AIFF Academy
- Full name: AIFF-FIFA Talent Academy
- Founded: 2013; 13 years ago (as AIFF Elite Academy) 2023; 3 years ago (re-established as AIFF-FIFA Talent Academy)
- Dissolved: 2017; 9 years ago (merged into Indian Arrows)
- Ground: Bhubaneswar and Hyderabad
- League: Youth League

= AIFF Academy =

The AIFF Academy is the elite academy of the regional AIFF affiliated football academies.

Founded on 1 February 2013, the AIFF Elite Academy started as a youth development project between the AIFF and FIFA. The Elite Academy is the final frontier for players who train at the AIFF regional academies in various parts of India. It was re-established as the AIFF-FIFA Talent Academy in 2023.

==AIFF Elite Academy==
In September 2011, it was announced that both All India Football Federation and FIFA would work together to set up various regional academies and one elite academy in India with the goal of developing youth footballers in the country. The first phase was starting of regional academies in Bangalore, Kolkata, Mumbai, Delhi and Sikkim.

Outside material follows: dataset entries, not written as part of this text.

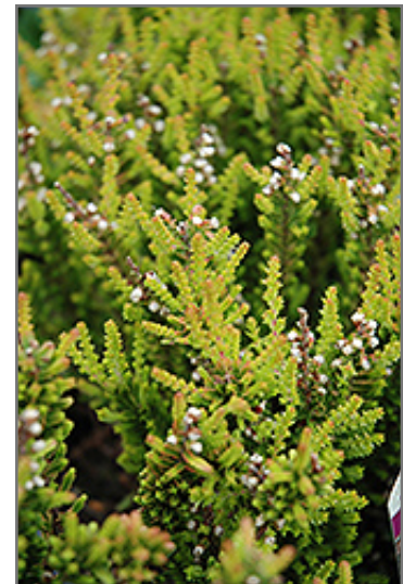
Firefly Heather foliage
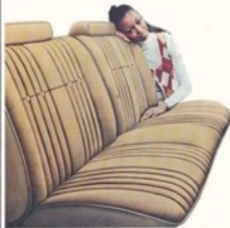
Interior Decor Group option, lets you round out the Exterior Decor package with glamorous touches inside: Choice of pleated deluxe cloth and vinyl trim, shown here in Tan (L.S.), or pleated all-vinyl, also comes with deluxe door trim, deluxe steering wheel, color-keyed deluxe belts—and more (see page 7).

For added luxury and visual appeal, you'll want to consider such options as the Interior and Exterior Decor Groups illustrated here—and many others detailed on pages 6 and 7.
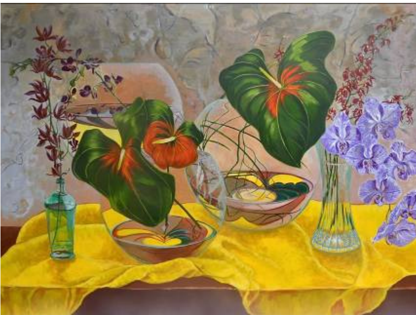
13. Wide Sargasso Sea acrylic on canvas 92 x 122cm
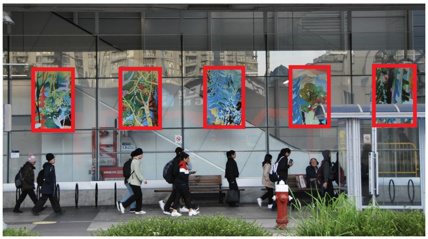
Figure 3. Richmond-Brighouse Canada Line Station Artwork Location. Five panels, required artwork area for each panel: approx. 4ft. x 6ft. for East glass wall building façade facing No.3 Road. Image: Simone Guo, Homecoming , 2023.

Note: Commissioned artists will be required to submit print-ready artwork files with a minimum resolution of 100 dpi for final output size. File types supported: EPS, INDD, PDF, PSD, JPEG, TIFF.
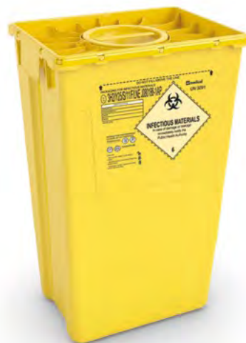
EVO 60 DUO-N
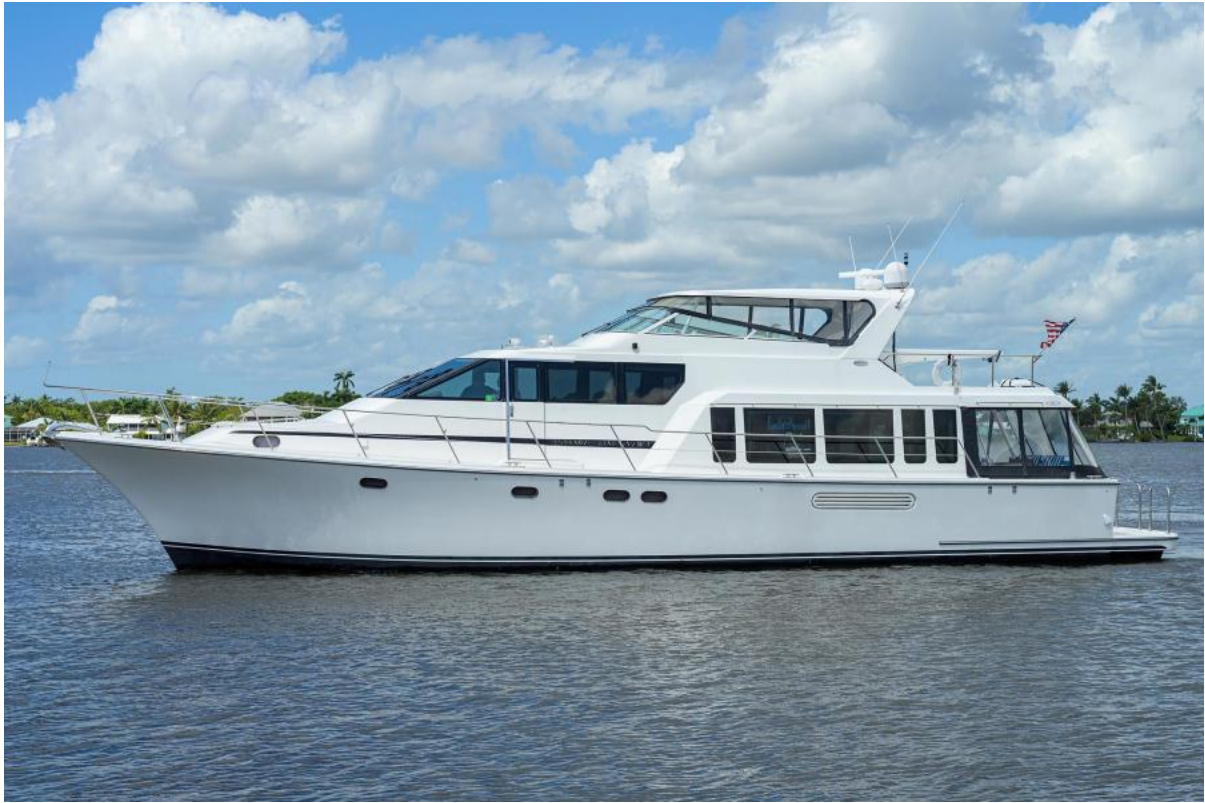
Pacific Mariner 65 Last Call - Profile 2009 Pacific Mariner 65 - Last Call

The second phase saw Chennai, Chandigarh, and Kerala getting academies by March 2013. Each academy consisted of 30-35 under-14 players who would eventually develop to the further youth stages.

Bangalore, Kolkata, and Delhi regional academies delayed while the Mumbai Academy was started with future India U23 coach, Arthur Papas. The reason given for the delay was due to the rampant age-cheating during trials for the regional academies. Of the 120 players selected after playing in the Subroto Cup and other youth competitions, 84 were found to be over-aged and not even acceptable for the under-16 category.

Eventually, the AIFF Elite Academy was launched in 2013. It was gradually integrated in the Indian Arrows.

==AIFF-FIFA Talent Academy==
In 2023, AIFF in association with FIFA decided to set up an academy under the FIFA Talent Development Scheme. The academy was inaugurated by Arsene Wenger, the Chief of Global Football Development in FIFA. The academy was set up at Odisha Football Academy in Bhubaneswar, Odisha.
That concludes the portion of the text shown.